I would like to know if there is a possibility to counter this problem, because between 1.87.1 and 1.88.3 it took around 20 days and due to these updates the I/O was at full tilt for around 6 days…
If you have enough ram, this will take about an hour, (and if you have SSD caching or tiered storage, – minutes) not days, and is a good thing: it pre-warms the in-ram metadata caches and as a result your node becomes more responsive, wins more races, and you earn more money.
If you don’t have enough ram to fit metadata blocks in their entirety, or any other solution that can speed up random metadata fetches (SSD cache, tiered storage, special device on ZFS) then file walker does not provide performance benefit and is net negative; you can disable it in the configuration file. Your node will still be waisting time on metadata fetches and losing more races than necessary, but you’ll avoid this startup spike.
I don’t recommend doing so, instead, improve performance of your disk IO subsystem. For example, if you have at least 8GB of ram, switch to ZFS, even with one disk, and add SSD as a metadata special device. This will decimate IO hitting the disk and help win more races.
Adding an SSD drive will be complicated, but in terms of RAM it only uses around 300MB out of the 2GB. On the graph you can see the times when it has finished enumerating the files, and the RAM is not moving.
It’s not about what node is using, but instead what is available on the system unused: that’s what the system can use for the disk cache. If you have total 16GB and all processes + system use 4GB – then 12 GB is available to accelerate disk access.
This of course depends on the OS – some OSes are better than others in implementing the disk caching.
I don’t really understand what you mean.
On the system there is only one node running.
On the other hand, I just noticed that there was around 300MB of “used” RAM but 1.5GB of “cache + buffer” ram, is that what you’re talking to me about?

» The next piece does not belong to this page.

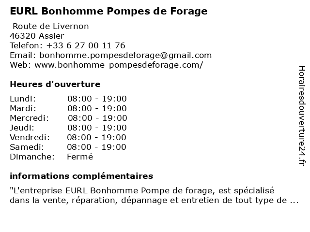 Termes de recherche pour EURL Bonhomme Pompes de Forage:de, bonhomme, pompes, eurl, forage |

Yes. Each file access involves metadata lookup. This is extra IO. OS tried to cache filesystem data, including metadata, in available ram, so the next time the same file needs to be accessed — no disk IO will be required to fetch metadata.
Describe your setup. Is filesystem running in the VM or are you using NFS or other network protocols? Why are you using vm and not, say, container, or run natively, so that each app benefits from a single host managed cache?
If filesystem runs in VM it has vastly insufficient amount of ram to cache any significant amount of metadata and this explains why filewalker runs forever: most of accesses resultl in cache misses and require roundtrip to HDD.
For comparison, my node of about 9TB spends under 10 min scanning on start, with most IO at the beginning, first minute or two, and then subsiding to almost zero, as more and more pages are ingested into cache. In fact, the process is CPU bound, not disk IO, because there is no to little actual IO generated to HDDs— that host has metadata stored on an SSD and there is about 20GB of free ram available.